Problem: Only the lines from the start of the data to the line containing "Крышка имеет диаметр", both included, should be output, exactly and without pictures.
### Data for analysis ###
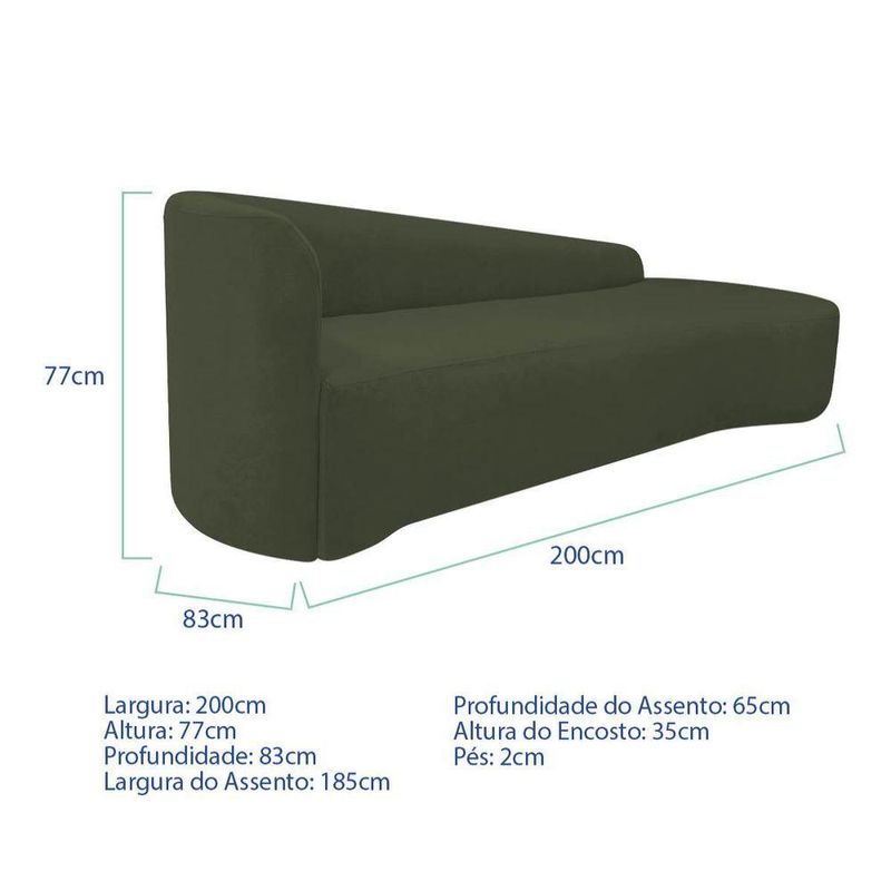 Kit Sofá Curvo França 200cm Ld. E Poltrona Luiza Max Conforto, Elegância E Design Moderno Linho Verde
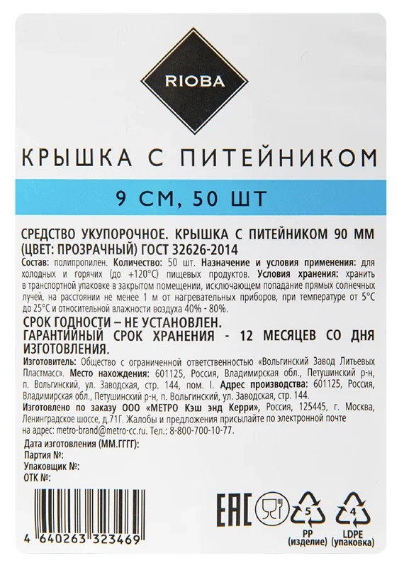 Крышка имеет диаметр 90 мм, что позволяет использовать ее со стаканами с соответствующим диаметром горловины.
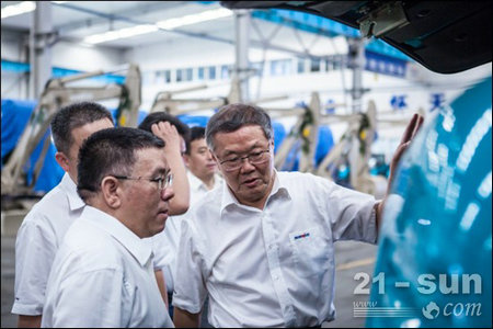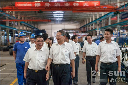 何清华董事长对曾光安一行冒着酷暑到访表示了热烈的欢迎。曾董事长表达了此次来访交流的目的,表示跟何董事长经常见面,但都时间匆匆,没能深入交流,此行在行业新常态环境下,希望与山河智能等同行企业加强沟通,共同探讨一些应对措施。何董事长表示,柳工在业内是一个非常受人尊敬的企业,很多地方值得山河学习。随后,双方针对行业预期、产业整合、海外市场、人员绩效、业务运营等方面开诚布公地交换了意见。随后,何董等陪同曾董一行参观了山河智能挖掘机生产车间及工业城地下工程装备生产车间。
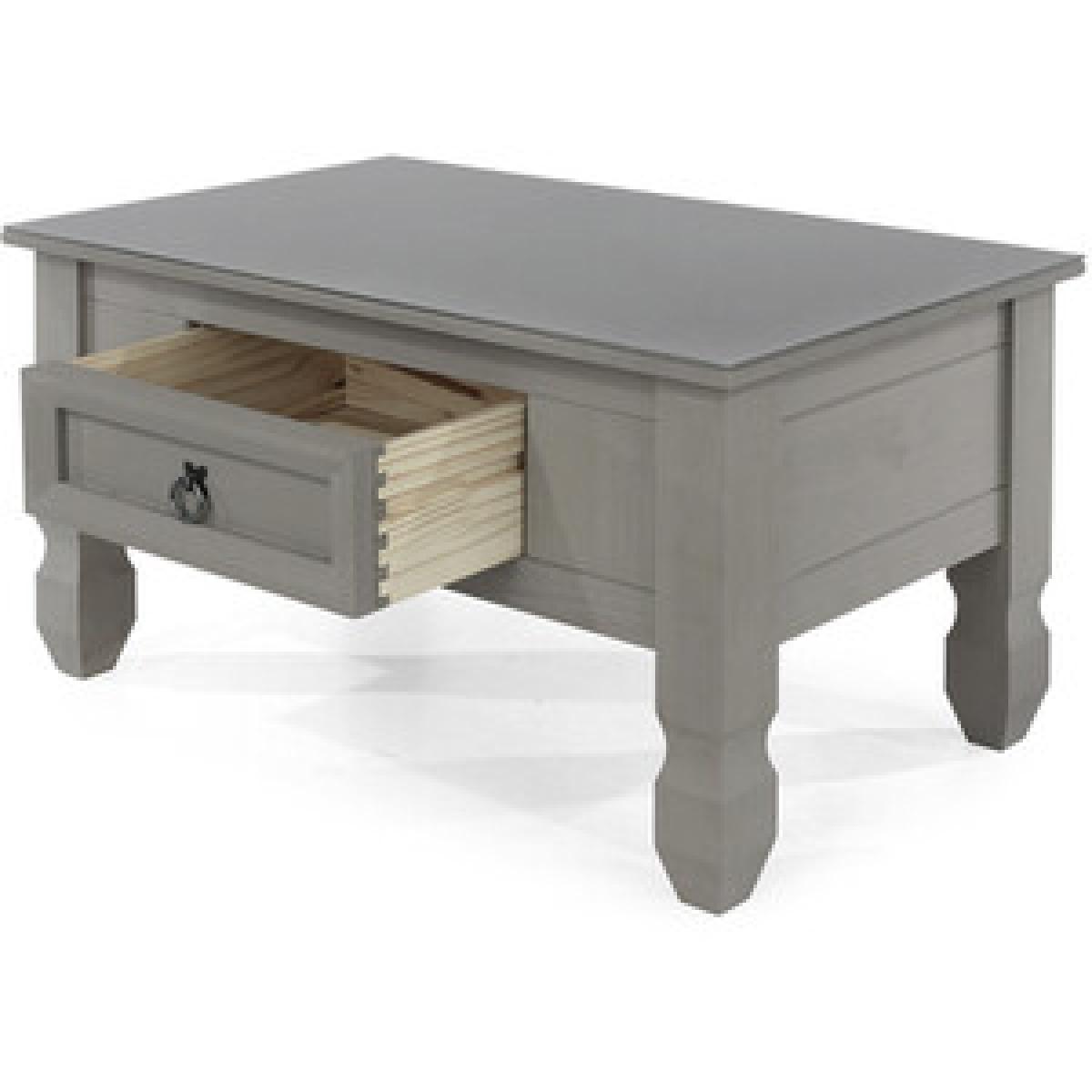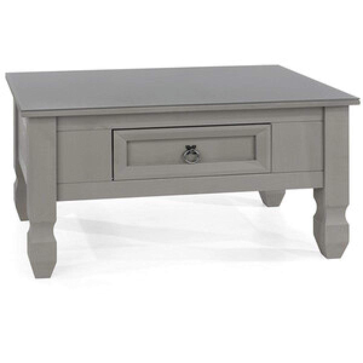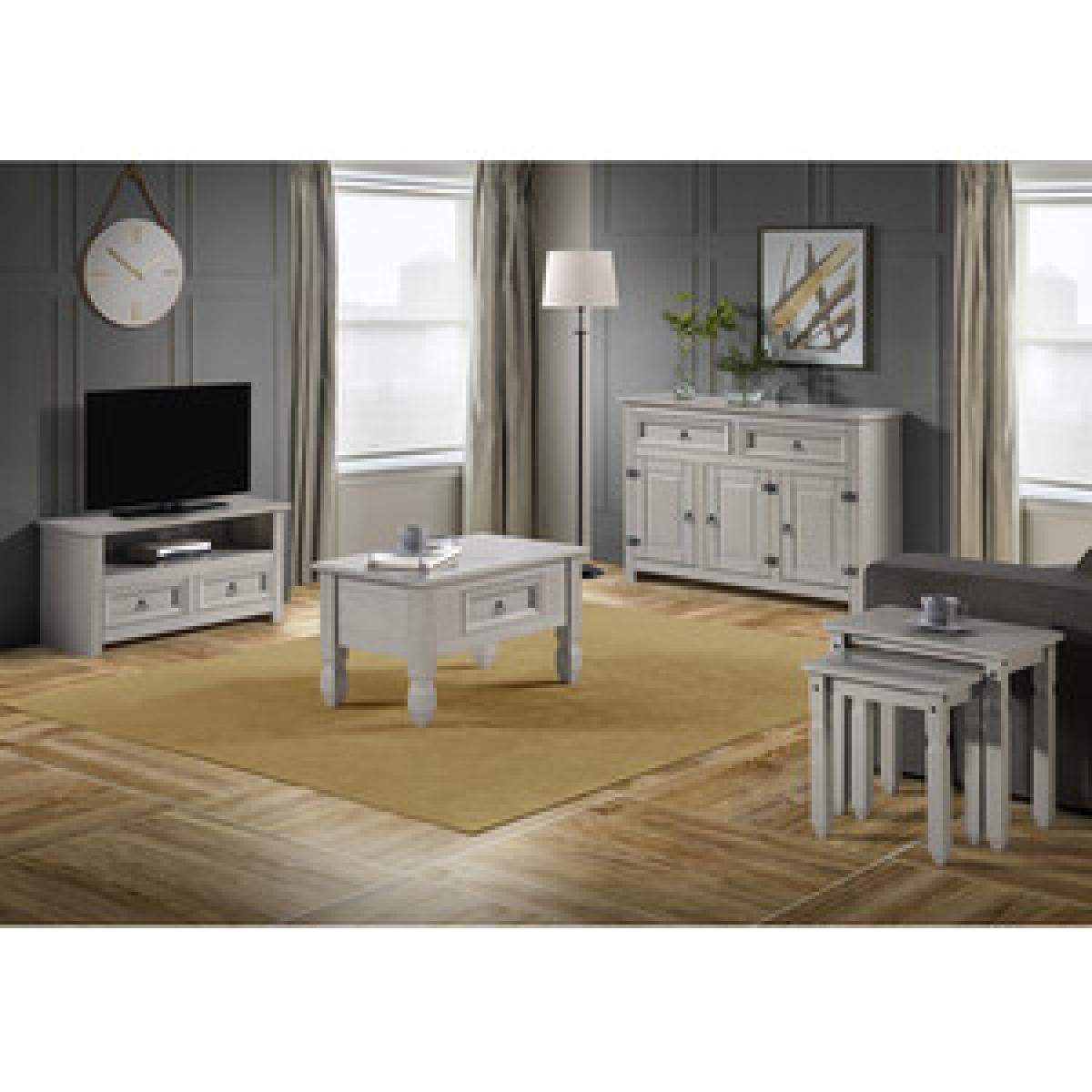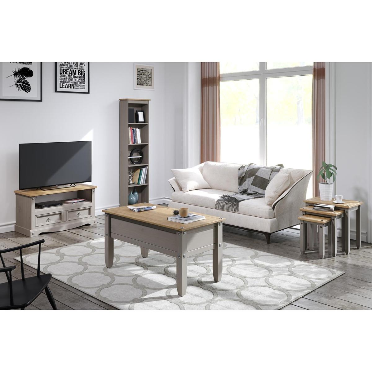 Add a touch of rustic charm to your room with this Corona Grey Washed Coffee Table. Its exposed gun metal grey studs give this piece a stunning rustic look. The long, sturdy waxed table top beautifully contrasts with the grey washed carcase, giving this piece a contemporary look that will complement all your interior decor styles with ease.
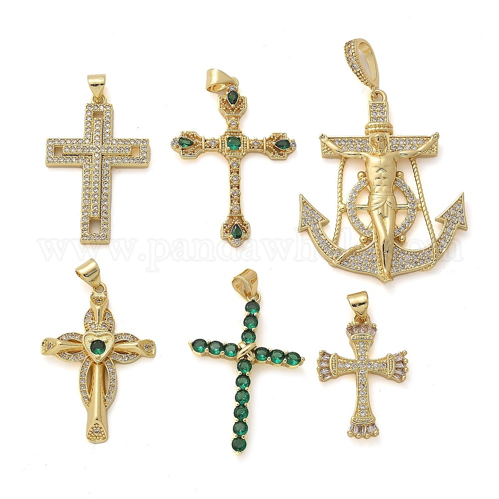 Латунные микро проложить кубического циркония подвески, крест прелести, стойки покрытие, без кадмия и без свинца, прочное покрытие, реальный 18 k позолоченный (031FQ8)
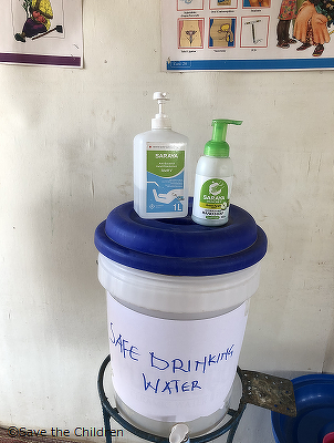 手洗いや飲料水用の設備に石鹸や消毒液を配備して使用を促すとともに、利用者に対して定期的に衛生意識向上のためのセッションを継続的に行っています。
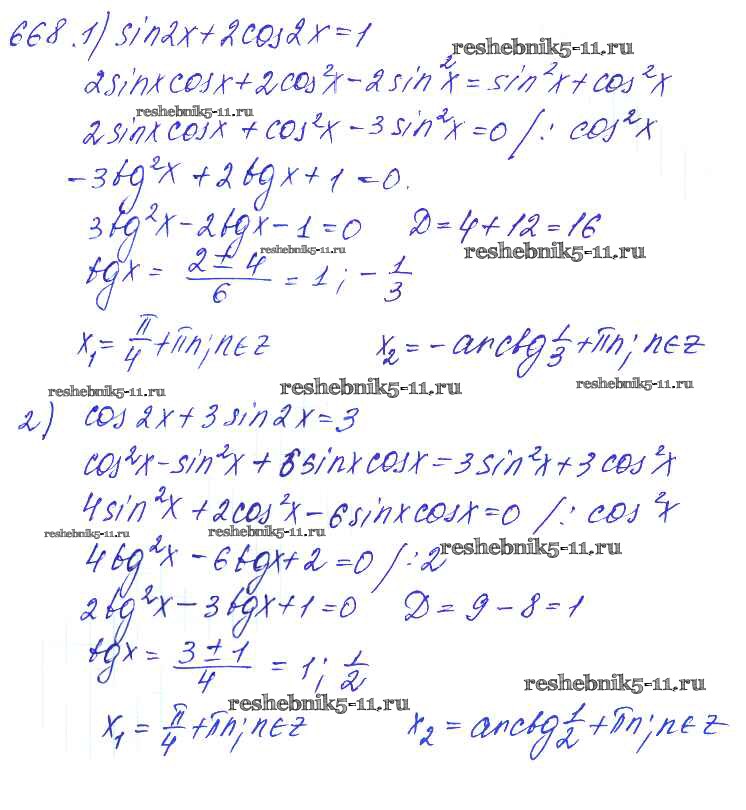 Готовая домашняя работа с ответами по Алгебре за 10, 11 класс Алимов, Ткачева, Колягин, Федорова, Шабунин Учебник Базовый и углубленный уровень Просвещение 2015 ФГОС - Упражнения 668
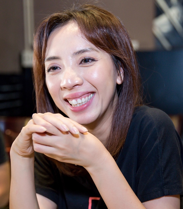 Khi cười, Thu Trang để lộ rõ nếp nhăn đuôi mắt và ở vùng cằm, thế nhưng cô lại sở hữu làn da căng bóng, trắng mịn.
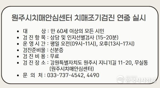 한국시사경제 권충언 기자 | 원주시치매안심센터는 치매 조기 발견과 적기 치료를 위해 지역 내 60세 이상 주민을 대상으로 치매 조기 검진 사업을 연중 실시하고 있다.
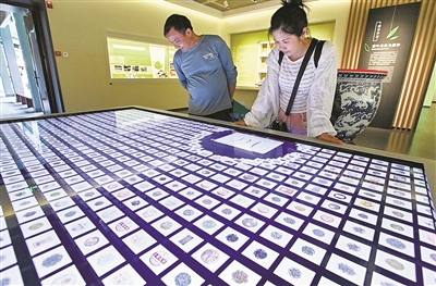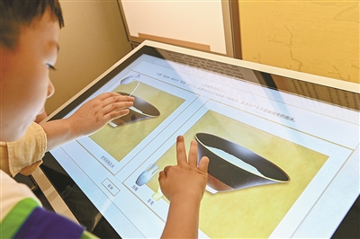 在茶样展示区,魔屏体验桌人气很旺,通过这个大屏观众可以查阅六大茶类和再加工茶类信息,对哪一个茶叶品类感兴趣,就可以用手指触碰屏幕,页面会自动弹窗介绍。有了这个魔屏,展陈方式也从“静态被动”向“主动交互”转变,内容更丰富,互动更有趣。
###
Answer to this problem:
 Kit Sofá Curvo França 200cm Ld. E Poltrona Luiza Max Conforto, Elegância E Design Moderno Linho Verde
 Крышка имеет диаметр 90 мм, что позволяет использовать ее со стаканами с соответствующим диаметром горловины.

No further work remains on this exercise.